Добавить в цитаты Настройки чтения

Страница 37 из 44

— Есть люди, которые не желают называть вырубку вырубкой, — задумчиво говорит папа. — Они говорят «фронт лесовозобновления», лесные бюрократы… Они считают, что так звучит лучше. И то же самое с законом об абортах, там говорят об удалении из матки скоплений клеточного вещества… воистину, речь дана человеку, чтобы лгать, подумай только, как могут обманывать слова…

— Что ты болтаешь, Гарри! Вычитал, должно быть, где-то всю эту чушь! Нечего забивать детям головы!

Мы с Кристиной вздрагиваем, настолько неожиданно резок мамин голос. Папа замолкает, уставившись на покореженные пни.

— Не помню, — бормочет он про себя. — У меня неважная память… всегда была неважная…

Такие мгновения — отражаются ли они как-то на будущем? В каждом событии заложено зерно другого события, которому суждено произойти позже. Когда-то мы были все вместе, теперь все порознь и не знаем, куда идем. Почему? Может быть, потому, что у папы плохая память?

Я останавливаюсь у озера. От темной воды со змеящимися под самой поверхностью длинными щупальцами водорослей исходит радиоактивное излучение покоя. Что я здесь делаю? Иванов день, праздник, зачем я сюда приехал? Чтобы постоять у озера и пожалеть самого себя? Почему не остался в городе, почему не пошел с Миро на вечеринку? Хватит уже этого лунатизма, пора просыпаться… но какой здесь покой! Словно я до этого момента был слепым, и вдруг у меня открылись глаза. Я покачиваюсь с носка на пятку. Время перемен. Я должен проснуться, снова начать встречаться с людьми, любить девушек, начать всерьез заниматься группой, вырваться из ямы. Перестать думать.
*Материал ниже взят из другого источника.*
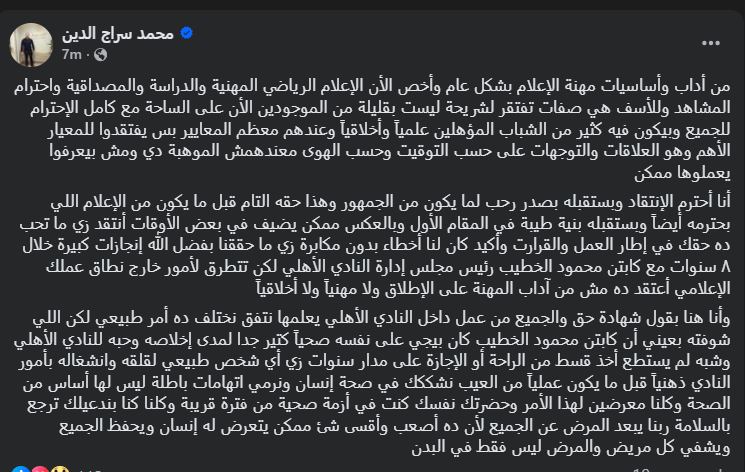 تحيا مصر، وكتب محمد سراج الدين عبر حسابه الرسمي"فيس بوك": من وأساسيات مهنة الإعلام بشكل عام وأخص الأن الإعلام الرياضي المهنية والدراسة والمصداقية، واحترام المشاهد وللأسف هي صفات تفتقر لشريحة ليست بقليلة من الموجودين الأن على الساحة مع كامل الإحترام للجميع، وبيكون فيه كثير من الشباب المؤهلين علمياً وأخلاقياً، وعندهم معظم المعايير بس يفتقدوا للمعيار الأهم وهو العلاقات والتوجهات على حسب التوقيت وحسب الهوى معندهمش الموهبة دي ومش بيعرفوا يعملوها ممكن".

Вечером мы ужинаем на открытой веранде, это задумано, как праздник. Анни повесила над дверью цветочный венок, на столе — маленький шест с двумя кольцами [44].

— Что в городе? — спрашивает отец, поднимая рюмку со шнапсом.

— Все нормально… Немного одиноко, когда вы здесь.

— Знаешь, просто замечательно, что ты приехал… Чувствуется, что мы опять семья.

Я кошусь на Анни. Она сидит у торца, справа от меня, и корябает ногтем пятно на скатерти.

— А вы как думаете? — обращаюсь я к ней. — У вас есть такое ощущение, что мы опять одна семья?

Она медленно поднимает голову и смотрит мне прямо в глаза. Я слышу эхо моего вопроса… он прозвучал слишком резко, но теперь уже поздно что-то делать.

— Я никогда не смогу занять место твоей матери, — говорит она серьезно. — И не хочу его занять… это было бы несправедливо.

Она замолкает, но глаз не отводит; мне кажется, я читаю в этом взгляде одновременно упрек и сострадание.

Мы едим молча, и я проклинаю себя, что испортил вполне пристойный — внешне по крайней мере — семейный праздник. Анни смотрит на озеро, на закатное охристое небо, на пепельно-розовые, цвета семги, полосы над водой. Отец следует за ее взглядом, как завороженный; похоже, у них там есть какая-то общая точка за горизонтом. И все же — что я здесь делаю? Настроение я им испортил, хрупкий мир лопнул, как яичная скорлупа. Впрочем, как мне кажется, горечи они не испытывают, просто молчат… только это молчание, и зудящие над самым ухом комары. Я уставился в тарелку, на недоеденную тушку селедки и блестящую от масла, в зеленых родинках укропа, молодую картошку. Есть не хочется — может быть, от раскаяния? Я вовсе не хотел ее обидеть и тем более испортить им праздник.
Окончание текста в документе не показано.